Eurozone Finance Plan Won’t Work, Says Analyst

Investors remain skeptical in the plan for the European Union’s (EU) financial system, which relies on the recapitalization to restore stability. The problem, argue analysts, is that the …

Investors remain skeptical in the plan for the European Union’s (EU) financial system, which relies on the recapitalization to restore stability. The problem, argue analysts, is that the true shortage stands at around $1 trillion once all the accounting has been done, and the reshuffling of funds will not kick start a recovery. Investment strategist Keith Fitz-Gerald feels the current plan will result in another round of liquidation when banks inevitably use up recapitalized funds to cover derivatives losses and struggle through yet more downgrades and the rising cost of credit default swaps. Fitz-Gerald recommends investing in commodities, shorting financials and globally diversified stocks. For more on this continue reading the following article from Money Morning.

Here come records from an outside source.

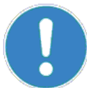
Általános utasítás (kiegészítő jelzéssel)
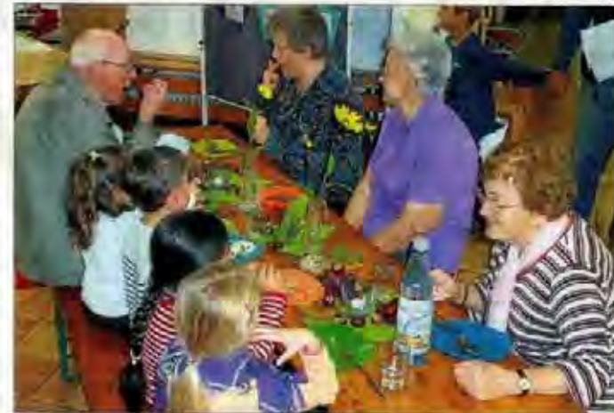
Es hat geschmeckt. Beide Generationen haben ihre Teller leer gegessen und haben viel Spaß beim „Geschichten erzählen“. Selbstverständlich ging es auch dabei hauptsächlich um die Kartoffel.

Geplant ist die Teilnahme der Kinder an den Säuberungsarbeiten der Nistkästen des Verkehrs- und Heimatvereins, die regelmäßig von den Senioren gereinigt und instand gehalten werden. rpk
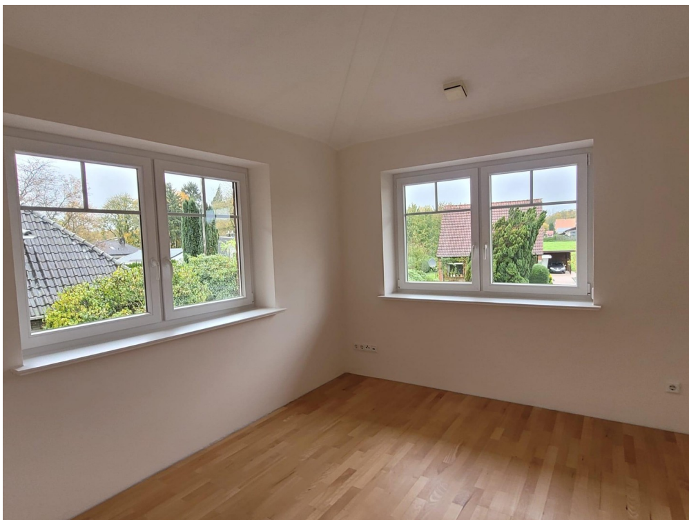
Arbeits- /Kinderzimmer Foto I
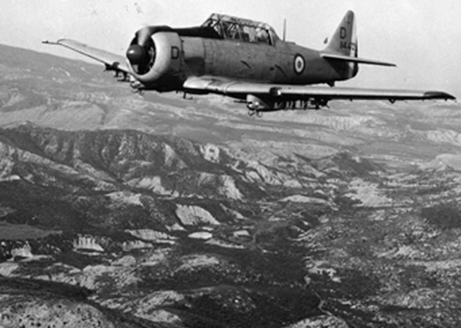
T-6 de l'ERALA 2/40 sur la région d'Oran en 1959 (Vincent Serrano)
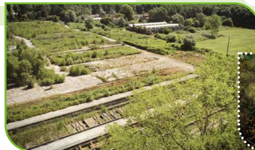
A sinistra l'area destinata al progetto nel suo stato attuale. In basso alcuni rendering che illustrano il progetto.

Il progetto prevede inoltre un percorso naturalistico che si snoda lungo tutto il parco e che raccorda una serie di “luoghi”, come la torre di osservazione, che permetterà una visuale eccezionale della biodiversità locale a otto metri di quota, l'anfiteatro nel bosco e un circuito ad anello con vari tipi di vegetazione, oltre alle vasche dedicate alle piante acquatiche. >>>
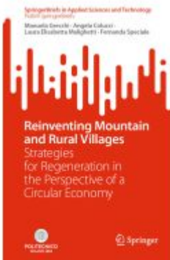
Reinventing Mountain and Rural Villages Ladenpreis: 54,99EUR
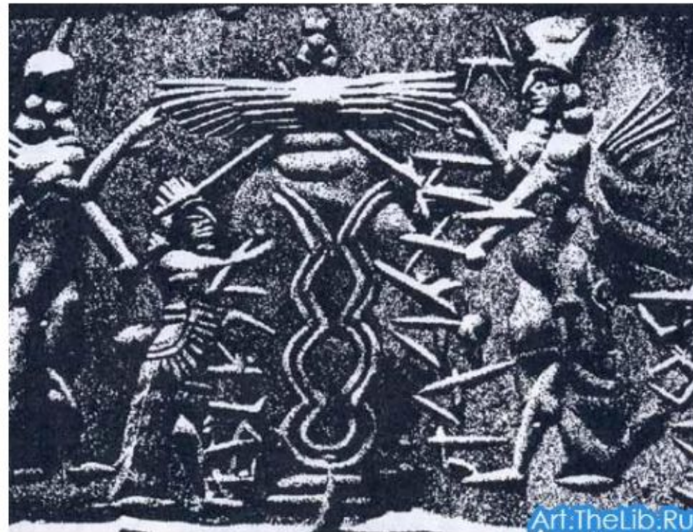
Рельефная роспись боевого барабана ацтеков.

The latest plan to preserve the European Union (EU) and save the global banking sector is to force European banks to increase their equity capital.

The goal, of course, is to restore confidence and stability. But if that’s the case, then why are so many analysts and savvy investors still nervous?

To put it bluntly, because they know it won’t work.

As it stands, the capital shortage is about 200 billion euros ($277 billion) according to the International Monetary Fund (IMF). I think it’s more like 1 trillion euros ($1.4 trillion) by the time you factor in all the cross holdings and the daisy chain of exposure that makes the entire banking system there look like Swiss cheese.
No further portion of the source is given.